Data below:

* * * * *

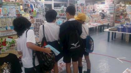 見学の後は、自由に買い物を楽しんでいます。伊勢志摩地方の名産をはじめ、水族館で飼育されている生き物をモチーフにしたお土産物もあります。修学旅行での思い出のひとつに、お土産選びをあげる子どももいます。2日目の夜、子ども達が、どんなお土産を持って帰ってくるのか・・・とっても楽しみですね。
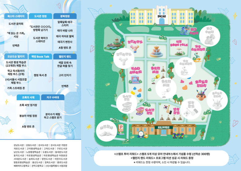 행사장은 △가족과 함께 공연과 시상식을 즐기는 북스타 스테이지, △도서관별 체험 부스가 마련된 오순도순 빌리지, △광복 80주년을 기념하는 광복 정원, △생태전환 교육을 담은 초록의 서재와 지구 수비대, △휴식과 독서를 함께 즐길 수 있는 책멍 Book Talk 힐링존 등 총 8개 구역으로 꾸며진다.
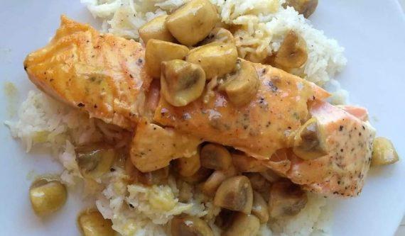 Σολομός με σάλτσα μουστάρδας και μανιτάρια
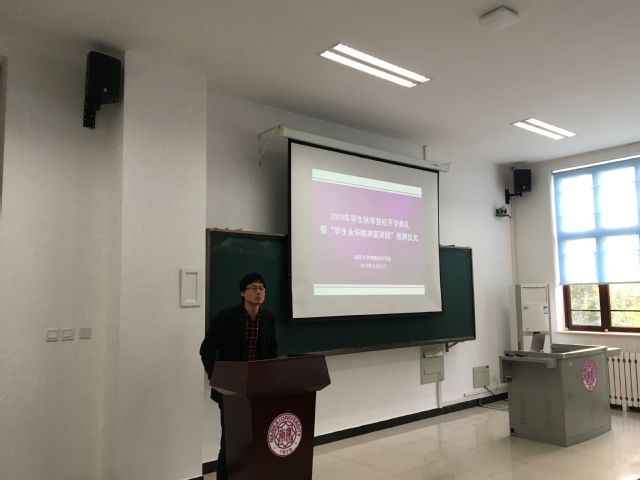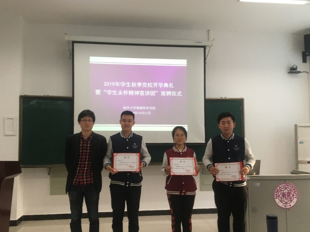 (通讯员 姜朋佐)10月21日下午,大陆a片 科学大陆a片 2019年学生秋季党校开学典礼暨“学生永怀精神宣讲团”致聘仪式在大陆a片 科学大陆a片 三教301举行。大陆a片 党委副书记兼副院长张学良、团委副书记阎宝岩、辅导员兼本科生党支部书记韩远欣、“学生永怀精神宣讲团”学生代表、秋季党校全体学员参加了本次活动。

* * * * *

Task: What you give back must match the material above exactly, minus its pictures.

Output below:
 見学の後は、自由に買い物を楽しんでいます。伊勢志摩地方の名産をはじめ、水族館で飼育されている生き物をモチーフにしたお土産物もあります。修学旅行での思い出のひとつに、お土産選びをあげる子どももいます。2日目の夜、子ども達が、どんなお土産を持って帰ってくるのか・・・とっても楽しみですね。
 행사장은 △가족과 함께 공연과 시상식을 즐기는 북스타 스테이지, △도서관별 체험 부스가 마련된 오순도순 빌리지, △광복 80주년을 기념하는 광복 정원, △생태전환 교육을 담은 초록의 서재와 지구 수비대, △휴식과 독서를 함께 즐길 수 있는 책멍 Book Talk 힐링존 등 총 8개 구역으로 꾸며진다.
 Σολομός με σάλτσα μουστάρδας και μανιτάρια
 (通讯员 姜朋佐)10月21日下午,大陆a片 科学大陆a片 2019年学生秋季党校开学典礼暨“学生永怀精神宣讲团”致聘仪式在大陆a片 科学大陆a片 三教301举行。大陆a片 党委副书记兼副院长张学良、团委副书记阎宝岩、辅导员兼本科生党支部书记韩远欣、“学生永怀精神宣讲团”学生代表、秋季党校全体学员参加了本次活动。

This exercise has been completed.